Friday, March 5, 2010

If You Can't Do, Teach

You would think that it is a matter of common courtesy that you inform your employer your intentions for the job commitment, and give him sufficient notice should you decide later to quit. More so if you were appointed Attorney General of Singapore.

Walter Woon, 54, obviously kept it all to himself. If indeed, "I only agreed to do this job for two years," as Woon claims, no one else knew about his stepping down, until he announced his last day will be on  April 10.  Since his replacement has to complete his current work obligations before being able to start in October 1, they had to rope in Solicitor-General Koh Juat Jong to serve as acting AG for the interim 6 months from April 11 to Sept 30. So why the sudden haste for the departure? Woon may say he had long planned to return to teaching law at the National University of Singapore, but his new employer hasn't figured out what his job scope will be: NUS law dean Tan Cheng Han said he has yet to discuss his plans for Woon. He'd better ask if how long Woon intends to stay this time.

As A-G, Woon raised eyebrows when he decided, on his own initiative, to appeal for a life term for Aniza Essa, a young mother, who was already convicted of instigating her boyfriend to kill her enstrangled husband. The Court of Appeal rejected his legal arguments, and affirmed her 9-year jail term. Could he be a sore loser?
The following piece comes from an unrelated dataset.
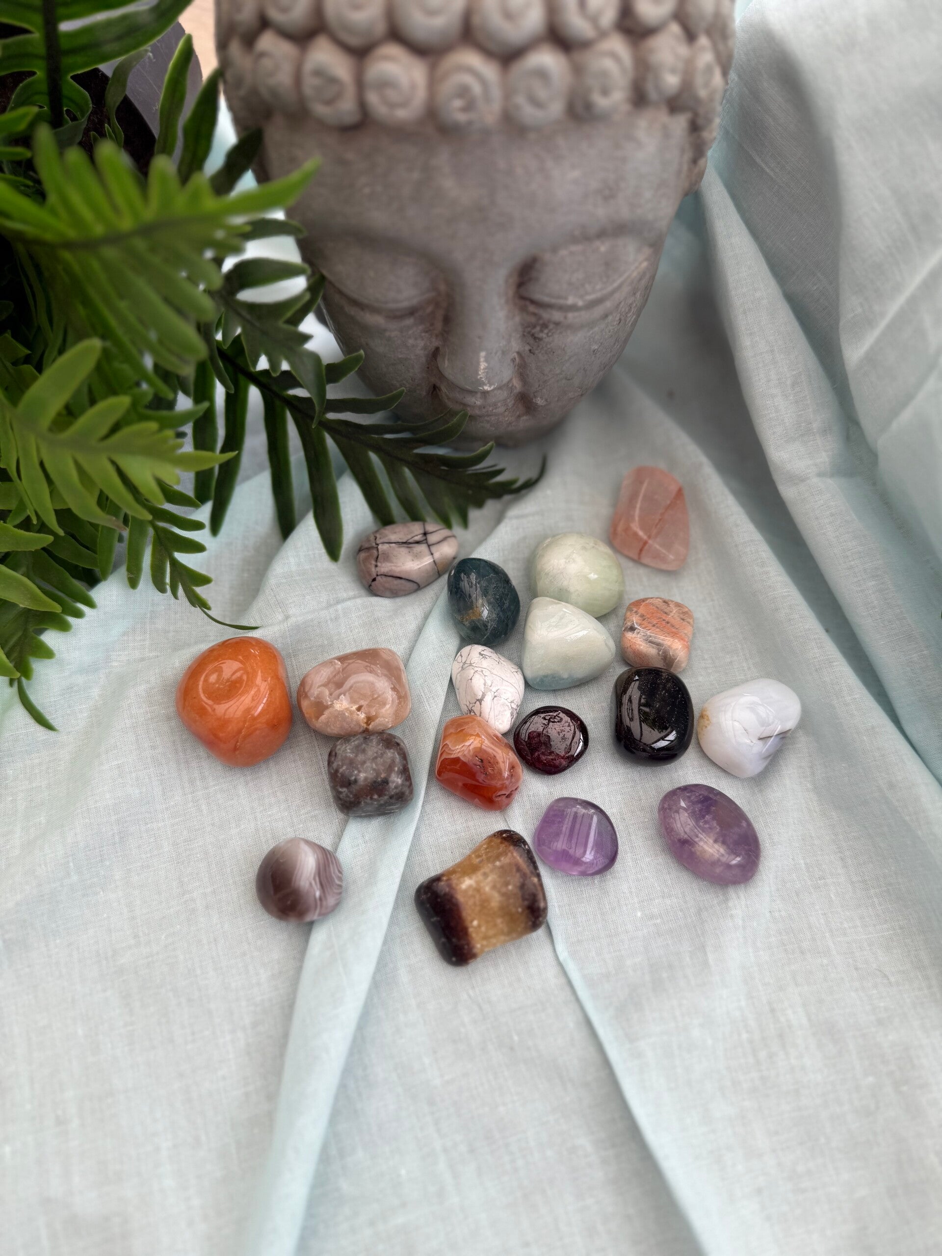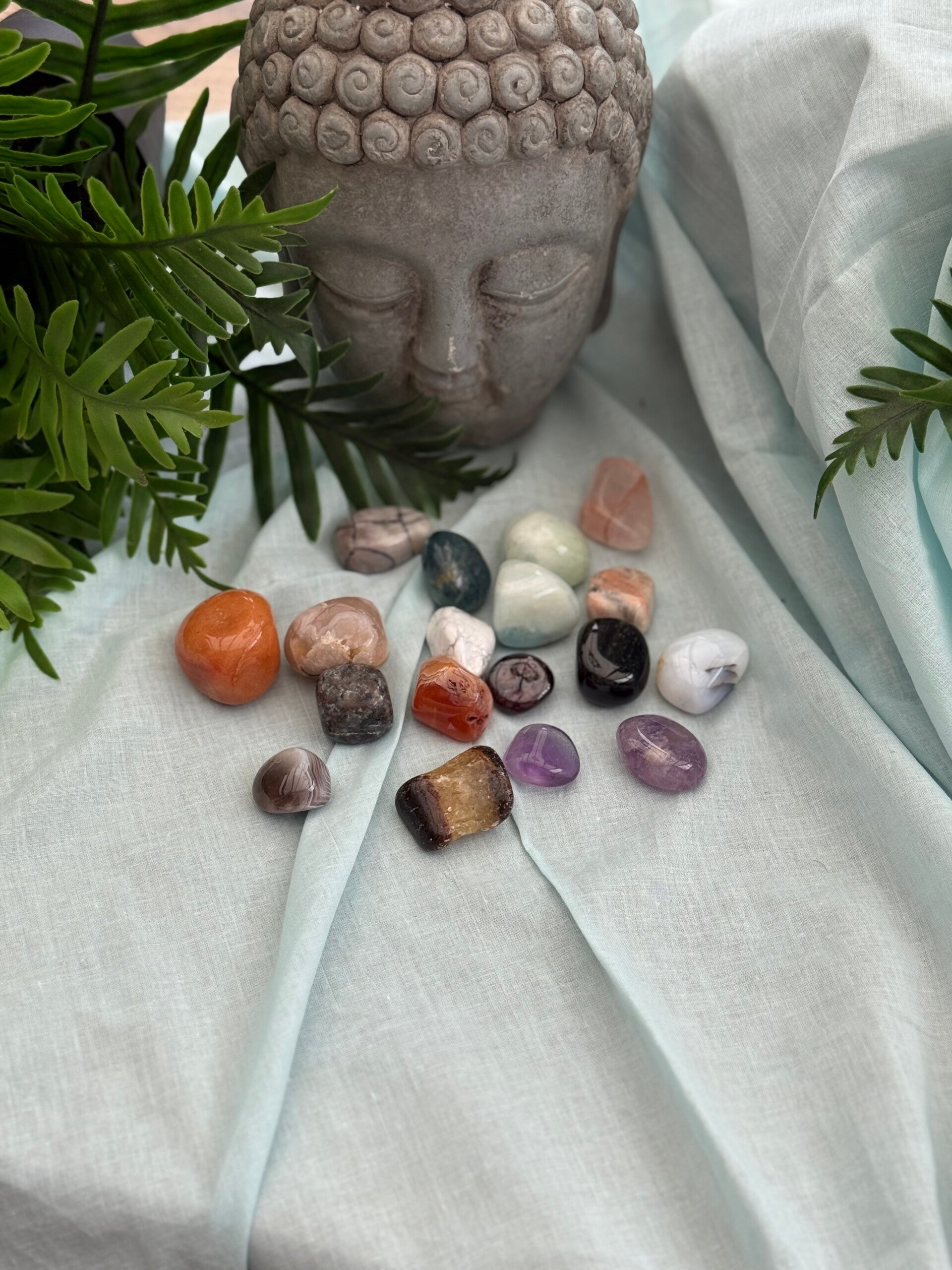 Een kleurrijke set van verschillende trommelstenen, elk met hun eigen unieke energie en werking. Perfect om te gebruiken voor meditatie, healing, als decoratie of om mee te dragen in je zak of tas.

Coffee shop talk has it that it's all a game plan for political office and a higher income tax bracket during this coming general election, rumoured to be in June. Which seemingly runs contradictary to his stated (honourable) intentions: "At this point of my life, I think that I can make a more significant contribution through teaching and writing." Well, if he does change spots, the party he signs up with certainly deserves what they get.